Ich hab mal genau hingehört und aus den Boxen kommt Ton raus also den beiden hinten aber ganz, ganz leise.
Ich hab gesehen, dass man im Realtek HD Aufio Manager Raumkorrektur anklicken kann, aber ich kann da nichts ändern... wieso nicht?`


----------



## dragonlort (27. Mai 2012)

*AW: 5.1 Soundsystem auf allen Boxen hören?*

ok dan ist es einfach.
benutze mal kontakt sprey für die konktake an der box dan müste es gehn.


----------



## joasas (27. Mai 2012)

*AW: 5.1 Soundsystem auf allen Boxen hören?*

Kontaktspray ist eine ganz schlechte Idee. 

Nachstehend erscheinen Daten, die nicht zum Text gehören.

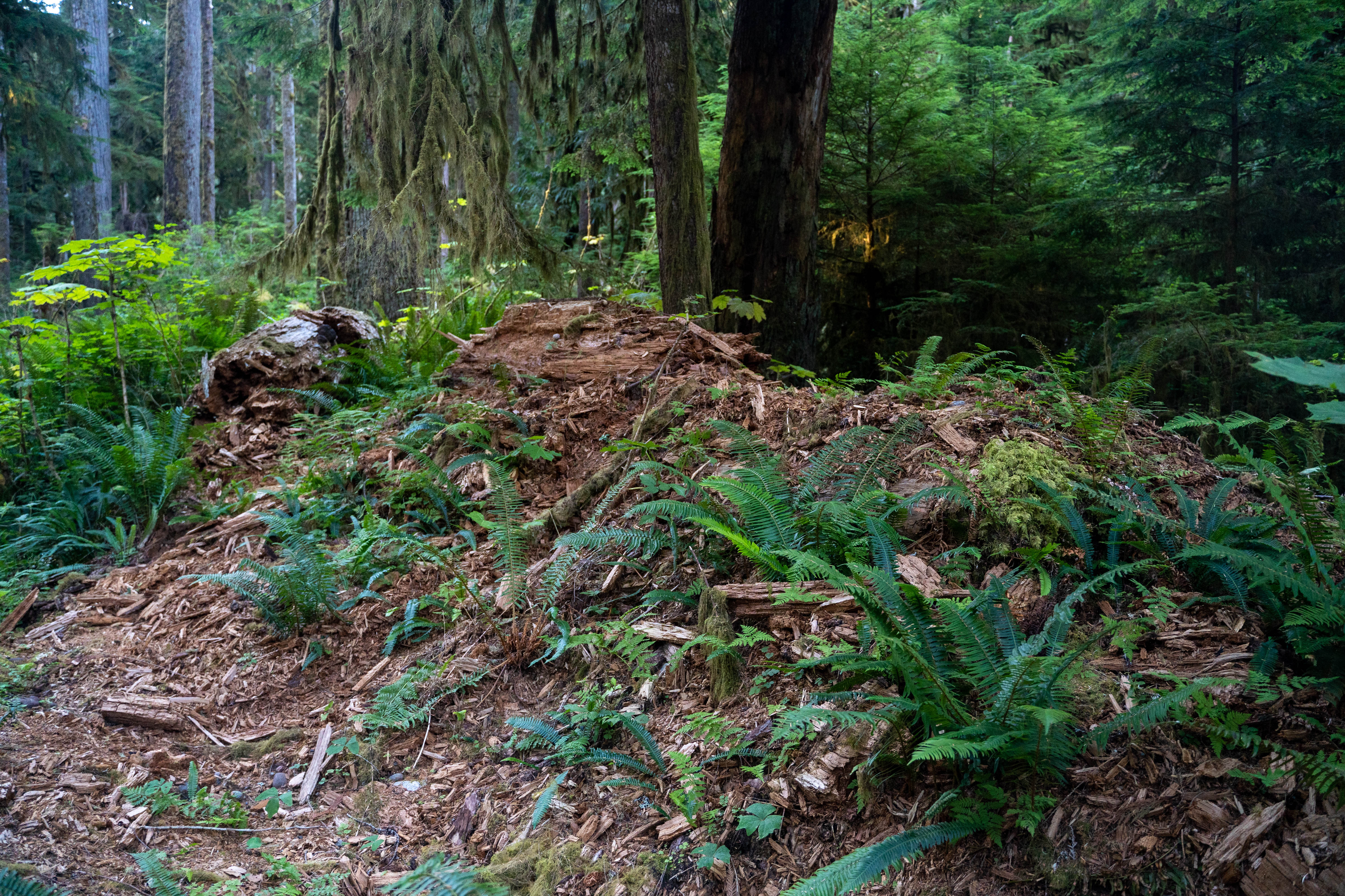 This fallen tree was broken down by moisture, insects, bacteria, and fungi. Now it is a habitat for ferns and provides nutrients for the temperate rainforest.
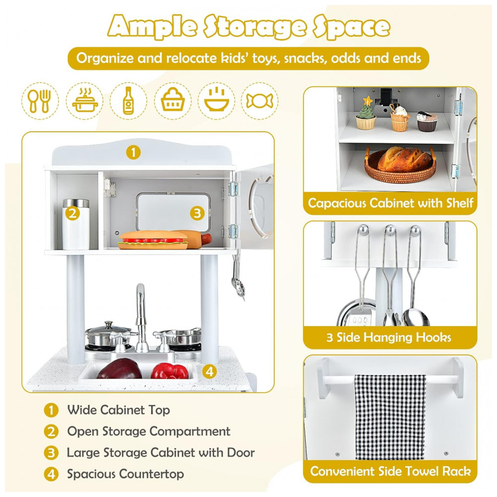Cozinha de Brinquedo Realista em Madeira para Crianças de 3 a 8 Anos HONEY JOY Branca
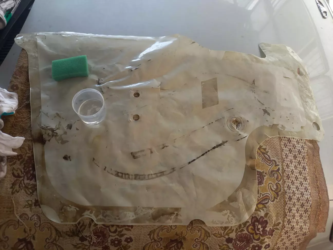 Далі технічним спиртом вимив бруд й залишки клею з вологозахисту та встановив його на місце з допомогою двостороннього скотчу:
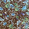 Креп-шифон натуральный К32-229 шоколадно-бирюзовый принтованный
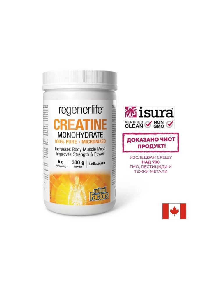 Creatine monohydrate от серията RеgenerLife на канадската компания Natural Factors e натурален продукт допринасящ за оптималното състояние на мускулите и енергийния метаболизъм.
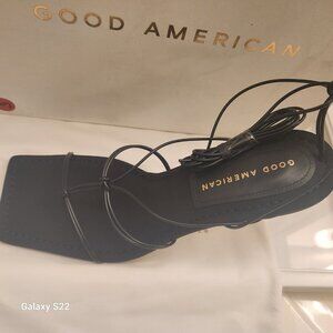 Good American Cage Slanted Neoprene Slanted Sandals/Lace Up. NIB (not price tag). Size Various. No rips/stains or tears. Original box/packaging, includes dust bag. Smoke free home. No odors. All offers are welcome. Thank you! Box has some dirt markings/nothing major. Recommendation is going one half size bigger, this brand runs small. The pic shows the 8.5, but I have a 7.5 also.

Schau mal ob es ein Menü für erweiterte Einstellungen gibt. Da kannst du die Lautstärke dann für die einzelnen Lautsprecher seperat einstellen.


----------



## dragonlort (27. Mai 2012)

*AW: 5.1 Soundsystem auf allen Boxen hören?*

hast du mal ein film laufen lassen ob das den dan geht?


----------



## Prozessorarchitektur (28. Mai 2012)

*AW: 5.1 Soundsystem auf allen Boxen hören?*

So dein Problem ist ein SOFTWARE Problem
Es gibt zwar Hardware Lösungen dafür (xonar ds1 creative xfii xtreme gamer) aber ein Player reicht völlig um die Mucke auf allen Kanälen laufen zu lassen.
etwa
Musicbee Das Programm hat nen guten 5,1 upmix
Winamp plugins AndrewLabs ATSurround for Winamp - Winamp


----------